> _Exercise details_
Write out again, exactly as they appear, the lines from the start of the data below through the line with "婦人『m.m.o.』ケーブルニットソードッキングプルオーバー"; no pictures.

___ Data for review ___

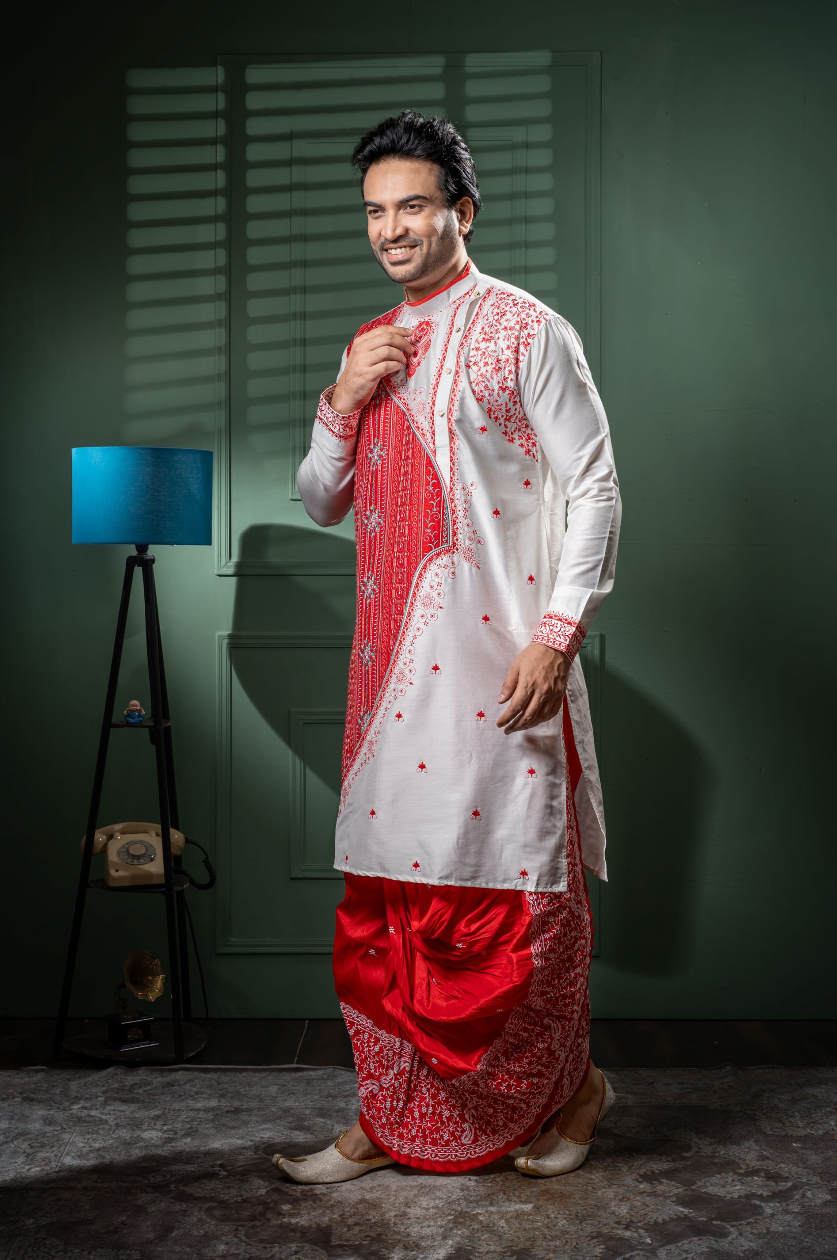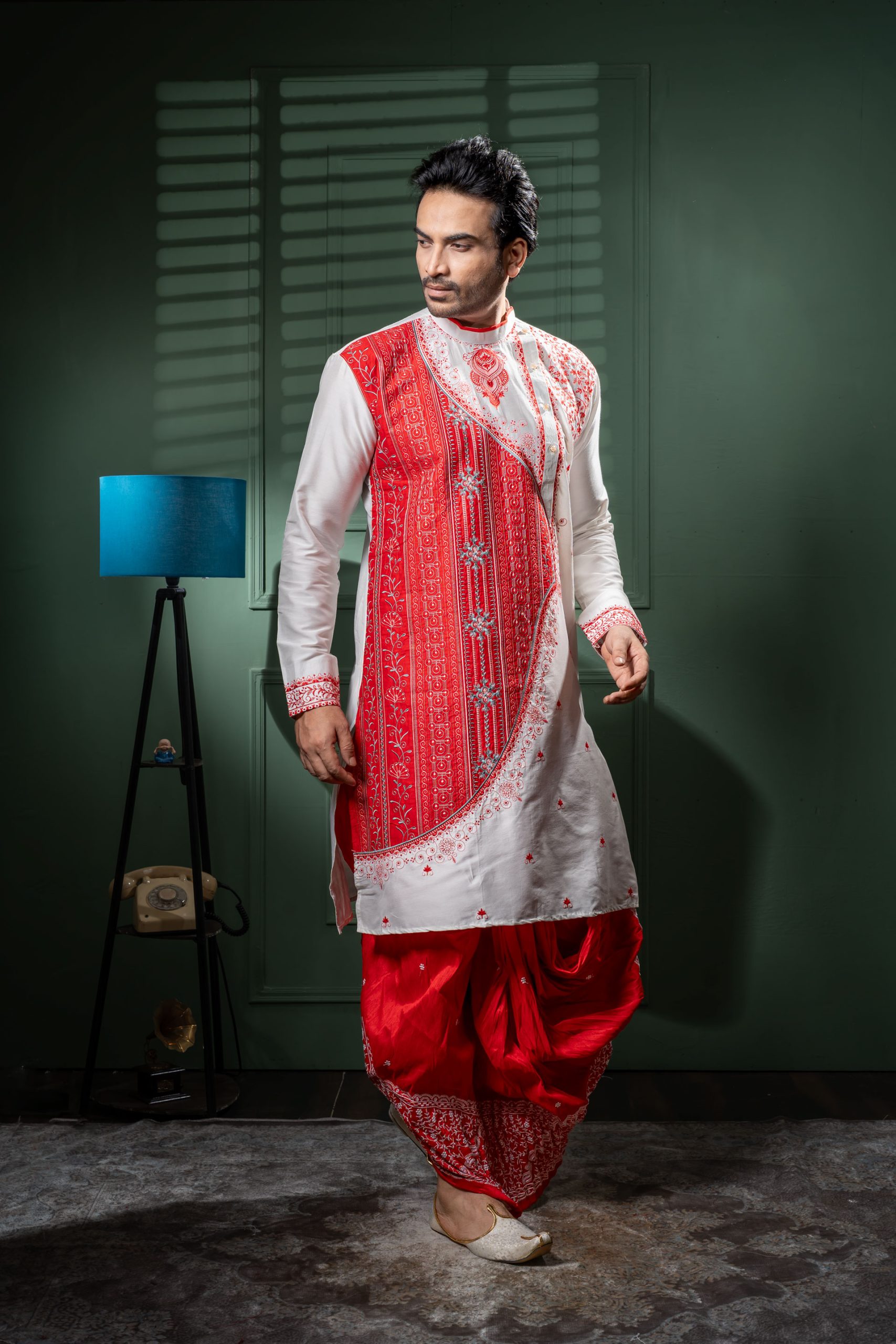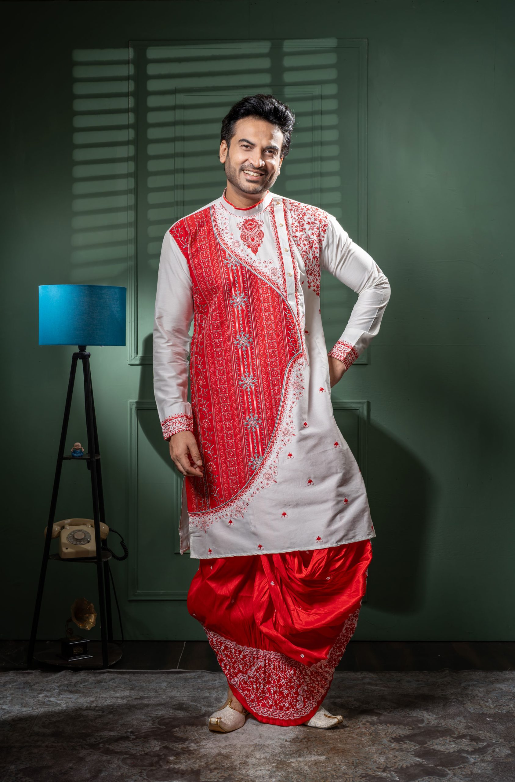 Step into warm nostalgia with this Designer Embroidered Kurta Dhoti Set. The immaculate design draws inspiration from traditionality. Experience weddings and celebrations with this exquisite piece of art.
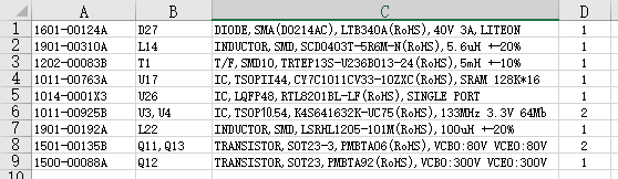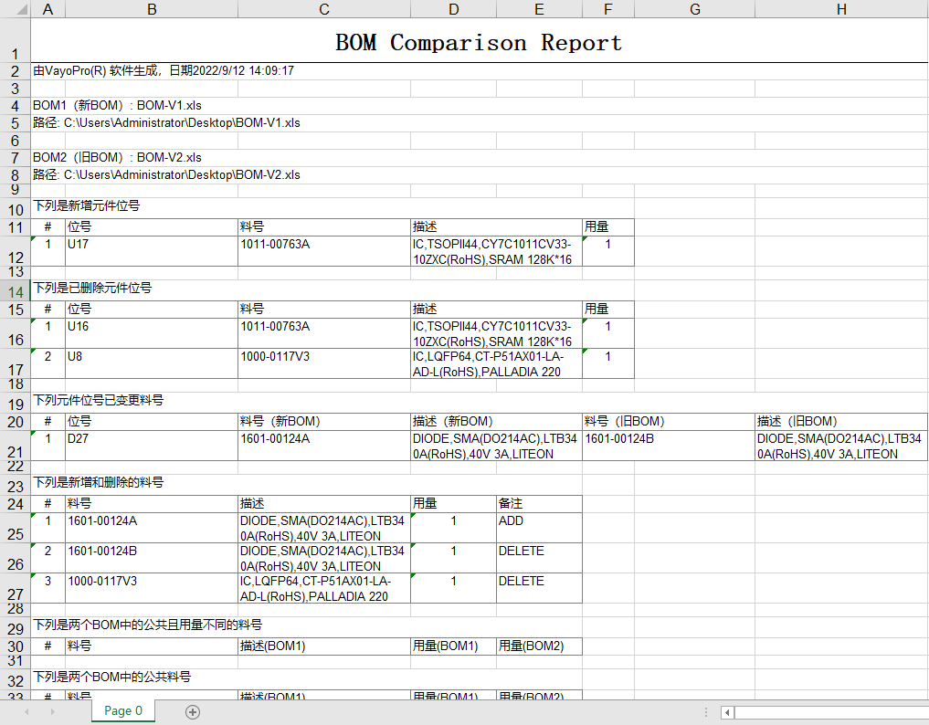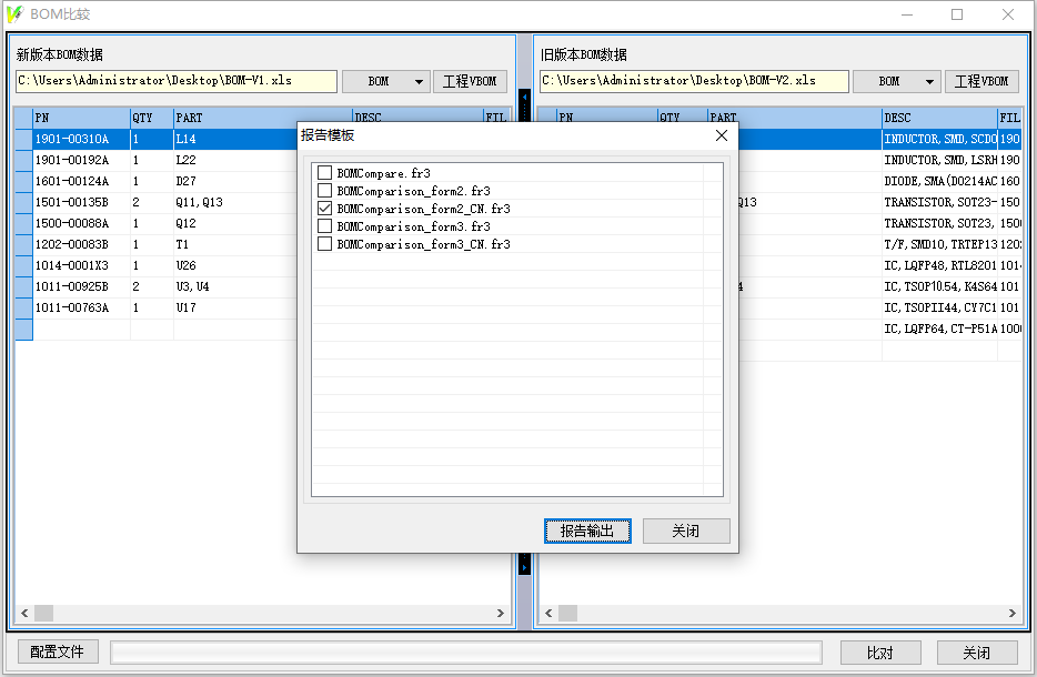 1.4:查看報告,報告中詳細列出了兩份BOM文件的同一物料的數量、位號等修改情況,以及是否物料增加或者刪除等
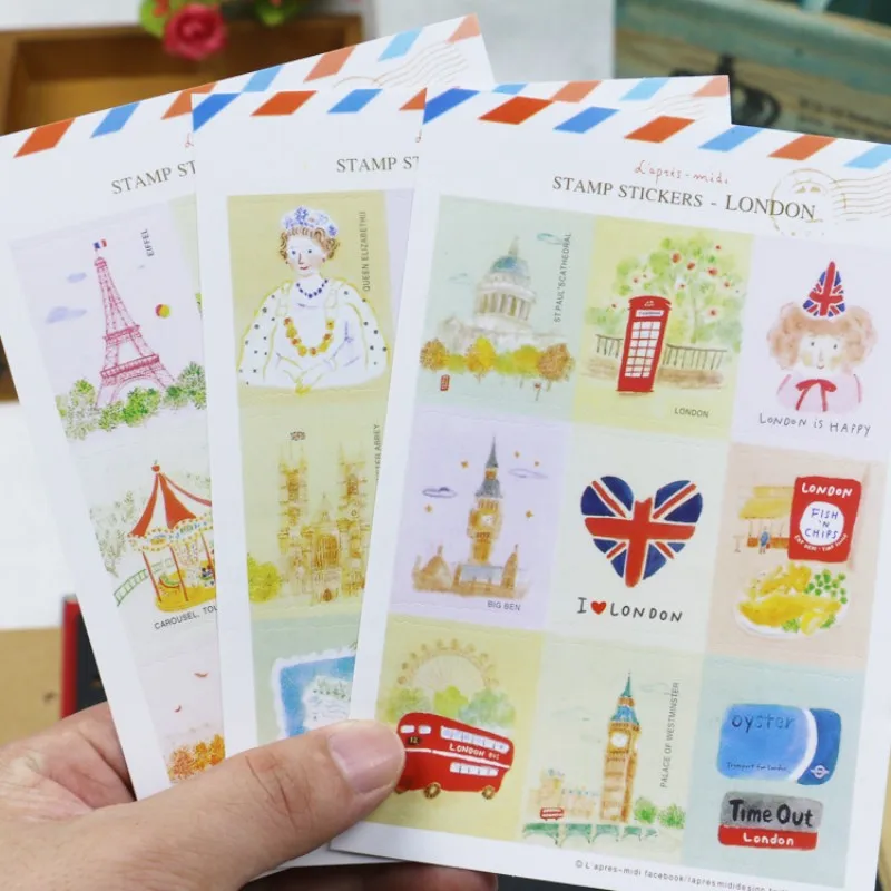 2 Pages 18 Pcs Scenery Stamps Paper Sticker Children Diy
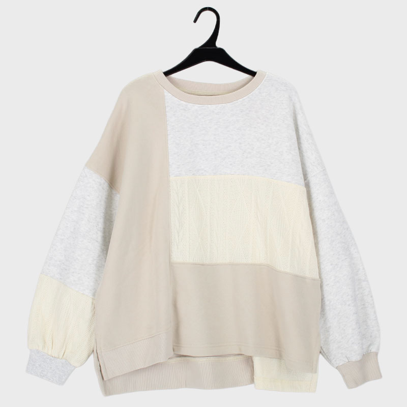 婦人『m.m.o.』ケーブルニットソードッキングプルオーバー
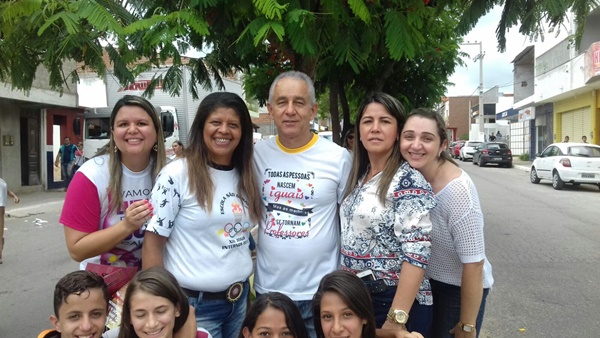 | A secretária de educação, Cibele Cavalcante, acompanhada dos professores, José Merêncio e Dênia Marinho, além de funcionários da secretária de educação, estiveram participando da Caminhada de Combate ao Mosquito da Dengue, nessa manhã de quinta-feira, 18/02. |
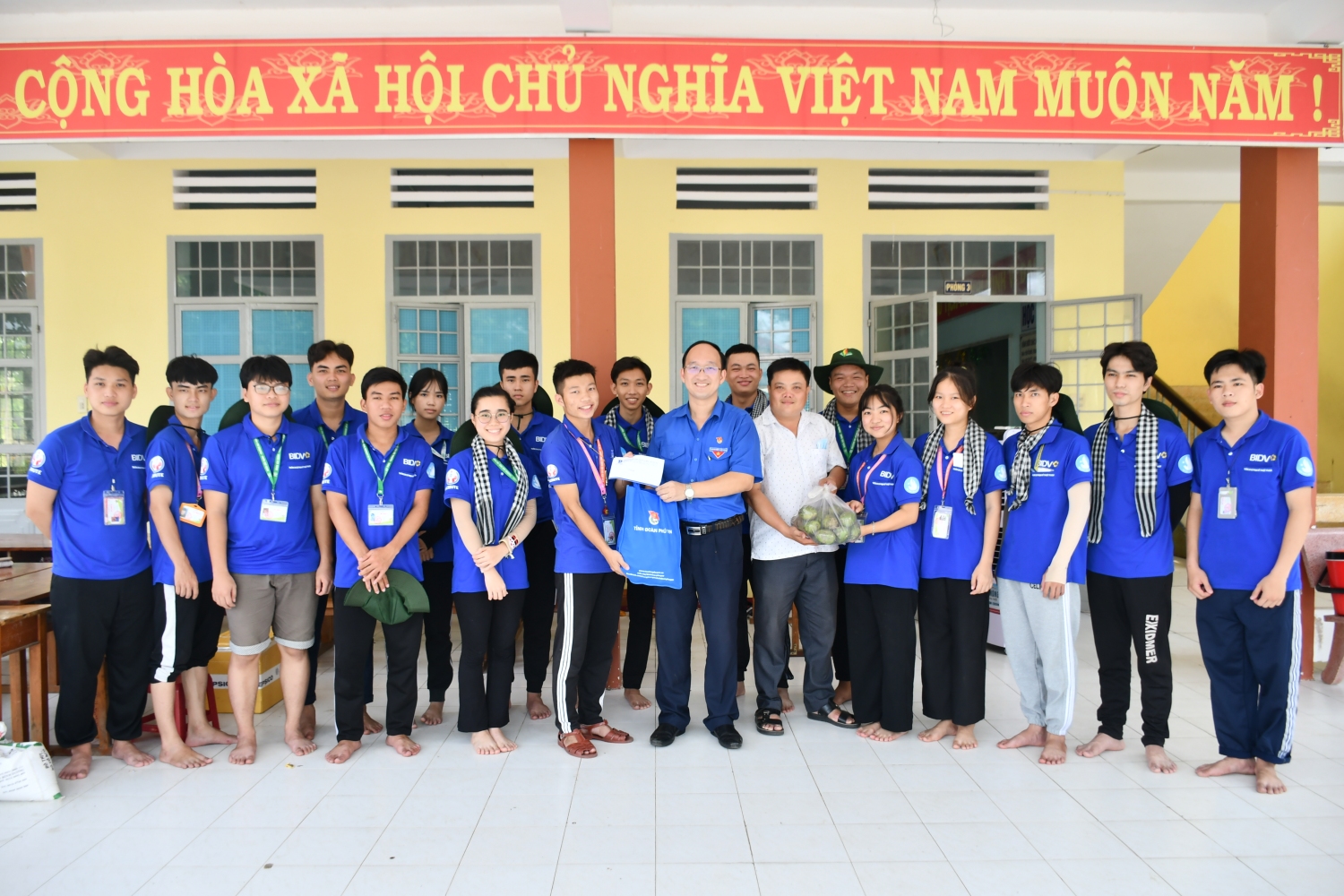 Đồng chí Trần Minh Trí tặng quà động viên đội hình sinh viên tình nguyện Trường Đại học Sư phạm Kỹ thuật TP. Hồ Chí Minh đang đóng quân tại mặt trận xã Xuân Phước, huyện Đồng Xuân.
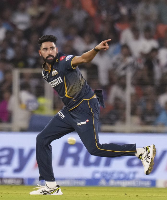 Ahmedabad: Gujarat Titans’ Mohammed Siraj during an Indian Premier League (IPL) 2025 T20 cricket match between Gujarat Titans and Rajasthan Royals, at the Narendra Modi Stadium, in Ahmedabad, Wednesday, April 9, 2025. (PTI Photo/Arun Sharma) (PTI04_09_2025_000617B)
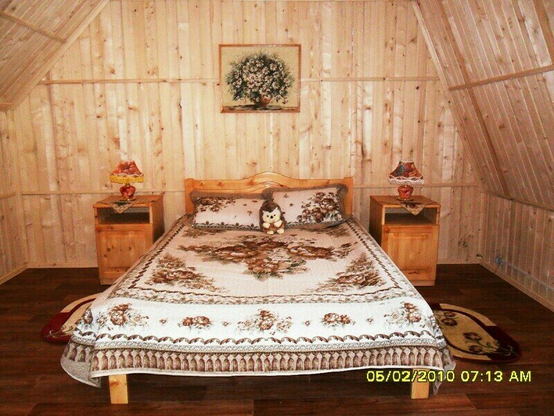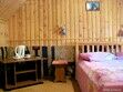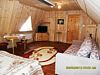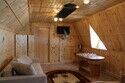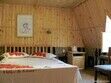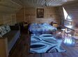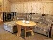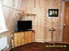 - В спальной-гостиной расположена 2-х спальная кровать, раскладывающийся диван, шкаф, тумбочки, телевизор со спутниковыми каналами, столовая зона: стол, стулья, посуда, чайник.

___

> _Answer space_
 Step into warm nostalgia with this Designer Embroidered Kurta Dhoti Set. The immaculate design draws inspiration from traditionality. Experience weddings and celebrations with this exquisite piece of art.
 1.4:查看報告,報告中詳細列出了兩份BOM文件的同一物料的數量、位號等修改情況,以及是否物料增加或者刪除等
 2 Pages 18 Pcs Scenery Stamps Paper Sticker Children Diy
 婦人『m.m.o.』ケーブルニットソードッキングプルオーバー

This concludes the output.